§ **Records to process**

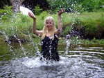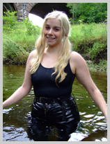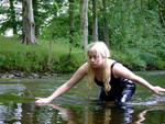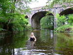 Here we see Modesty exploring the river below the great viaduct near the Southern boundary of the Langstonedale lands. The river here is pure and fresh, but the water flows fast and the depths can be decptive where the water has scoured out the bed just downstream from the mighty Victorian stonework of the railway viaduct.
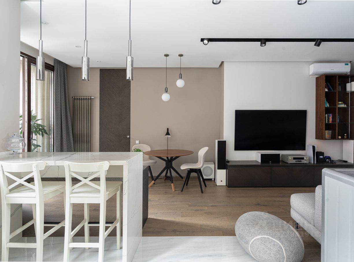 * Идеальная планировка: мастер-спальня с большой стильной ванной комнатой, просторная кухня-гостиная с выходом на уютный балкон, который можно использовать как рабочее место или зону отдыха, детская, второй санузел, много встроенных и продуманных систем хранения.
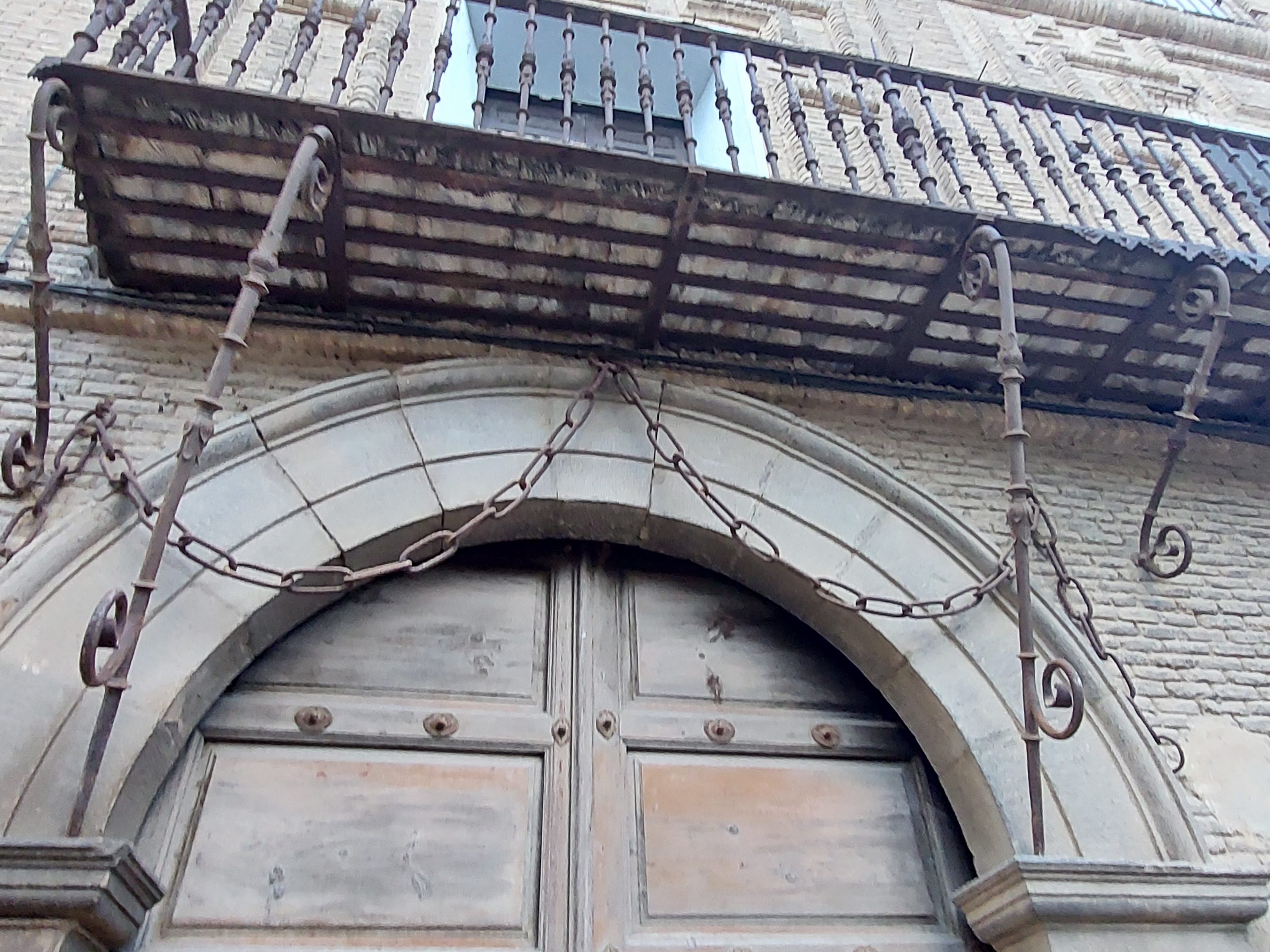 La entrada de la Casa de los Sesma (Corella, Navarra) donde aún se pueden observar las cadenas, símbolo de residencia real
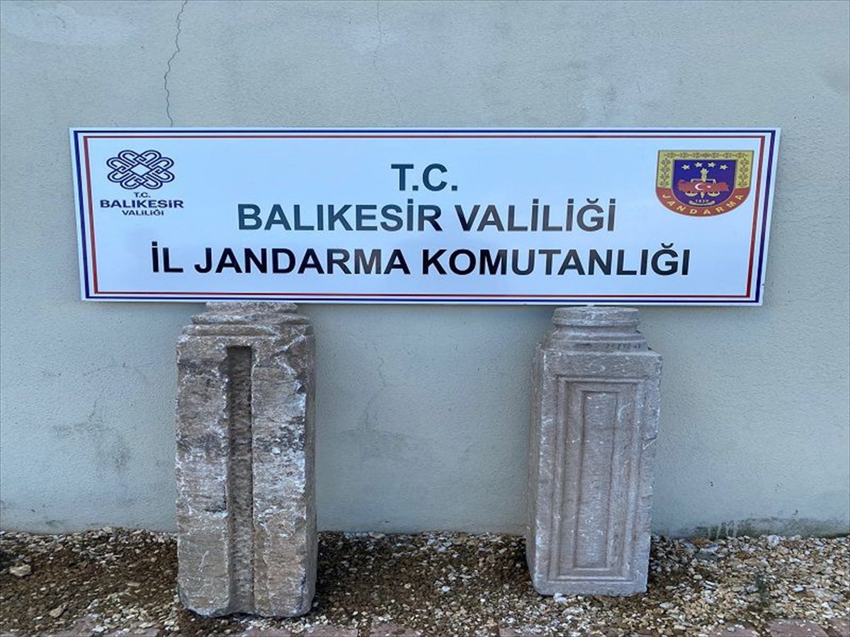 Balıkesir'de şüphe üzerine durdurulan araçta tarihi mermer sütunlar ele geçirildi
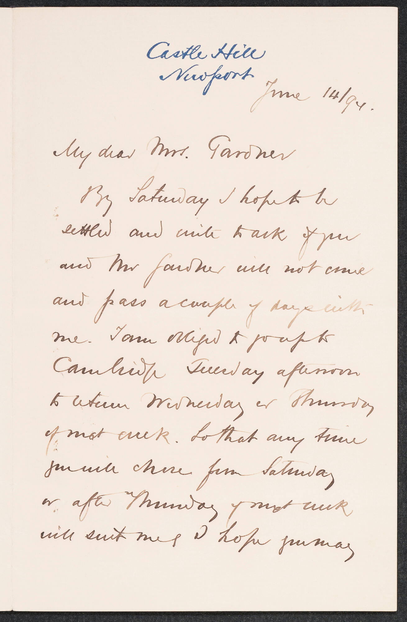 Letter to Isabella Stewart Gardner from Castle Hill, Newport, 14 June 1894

§ **Work request**
Set the records down again exactly as given, and leave the pictures out.

§ **Exercise output**
 Here we see Modesty exploring the river below the great viaduct near the Southern boundary of the Langstonedale lands. The river here is pure and fresh, but the water flows fast and the depths can be decptive where the water has scoured out the bed just downstream from the mighty Victorian stonework of the railway viaduct.
 * Идеальная планировка: мастер-спальня с большой стильной ванной комнатой, просторная кухня-гостиная с выходом на уютный балкон, который можно использовать как рабочее место или зону отдыха, детская, второй санузел, много встроенных и продуманных систем хранения.
 La entrada de la Casa de los Sesma (Corella, Navarra) donde aún se pueden observar las cadenas, símbolo de residencia real
 Balıkesir'de şüphe üzerine durdurulan araçta tarihi mermer sütunlar ele geçirildi
 Letter to Isabella Stewart Gardner from Castle Hill, Newport, 14 June 1894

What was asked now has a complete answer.